How important is good posture to your health?

Make sure you’re no slouch with our tips to improve your posture


As kids, we were always being told to sit up straight. Yet as we grew up, left home and settled into desk jobs and becoming couch potatoes, something slipped – and it’s our posture.

You might not give it a second thought, as you type hunched over your desk, or sit eating dinner with shoulders slumped.

But from your bad back to your niggling neck, your poor posture might be more harmful than you think, says physiotherapist Amy Gilbert.

Root causes

“Hundreds of years ago, we never sat down, we were always hunting and fighting; but now modern technology has encouraged us to spend the majority of our day sitting,”
Amy comments.

A generation glued to our iPhones, the desk job has seen a firm end to our hunter-gatherer days, and with it, a steep rise in joint and muscular pain.

“A good 50 to 60 percent of my caseload is postural,” says Amy. “The most common things I see in practice are neck and lower back pain.

“What’s happening is that our anterior chain muscles (the muscles on the front of your body including your pectorals and core) have become tight and short as we’ve developed those hunched shoulders, while our posterior muscles get weak and lengthened – and then we can develop a lot of problems.

“Just on your muscular system, bad posture causes long-term tightness and trigger points, a tight knot in the muscle,” Amy continues. “A muscle is meant to activate and support
your joint system, but if it’s tight all the time, it pulls on them.

“This can cause things like impingement, where the muscles change the actual position of the joint.”

And from impingement to disk herniation, not sitting properly can cause lifelong issues.

“This doesn’t happen within a week,” Amy adds. “This is years of prolonged sitting. We all think it doesn’t matter.

“This all sounds really negative,” she laughs, “but the wonderful thing is that it’s correctable with exercise and advice.”


Straightening up

So, how do you fix a whole lifetime of slouching?

“I advise people to get a standing desk or use an exercise ball to sit on in the workplace,” Amy says. “You need to actually use your muscles to sit – and if you don’t use them on a Swiss ball, you’re going to fall off.

“I’d also advise people to do a few stretches, if you can, three times a day – even if you have to set a reminder,” she adds.

Outside the office, Amy recommends trying out Pilates or yoga, which help activate smaller stabilising muscles.

“It can be as simple as moving your keyboard a few centimetres and elevating your screen,” Amy adds. “It’s about teaching people about their body and it can be small changes – you could start making them tomorrow.”

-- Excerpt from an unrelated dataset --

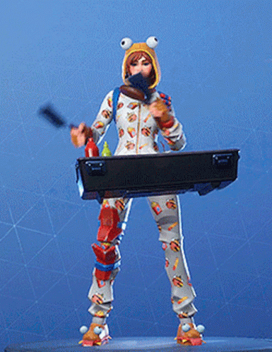 Fortnite character in a burger-themed outfit performs the 'Beef Time' emote, flipping a burger patty on a grill.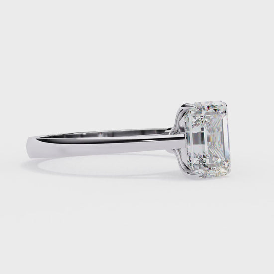 "Regal Clarity" highlights the majestic elegance and flawless brilliance of an emerald-cut solitaire diamond. The name reflects a royal, sophisticated style with crystal-clear facets that symbolize purity and grace. |

To see more of Amy’s tips or get in touch, contact: 050 192 7205, Watch this space for the opening of Amy’s new clinic, Perfect Balance Rehabilitation Centre in October.

Need a quick fix? Try these 


DO get a supportive chair:

“You need a chair that’s height adjustable, with adjustable arm rests – and even better if it has an adjustable tilt,” Amy says. “Having a good chair is key, and you need good lumbar support.”

DON’T cross your legs:

“Hips and knees need to be at 90 degrees,” Amy advises. “You want to avoid a sloping angle, and you want your feet flat on the floor – and no crossed legs.”

DO adjust your screen:

To avoid straining, Amy recommends adjusting your computer screen to eye level. “If you’re working on a laptop, get a wireless keyboard – that way you can prop your laptop up on a book to stop hunching forward.”

DON’T sit still:

Get the blood moving every 30 minutes with a 30-second walk, or just to stretch.

DO keep your keyboard close:

“Elbows should be kept at 90 degrees. With laptops, get a wireless keyboard so you can keep your screen at eye level and your keyboard closer to you,” Amy says.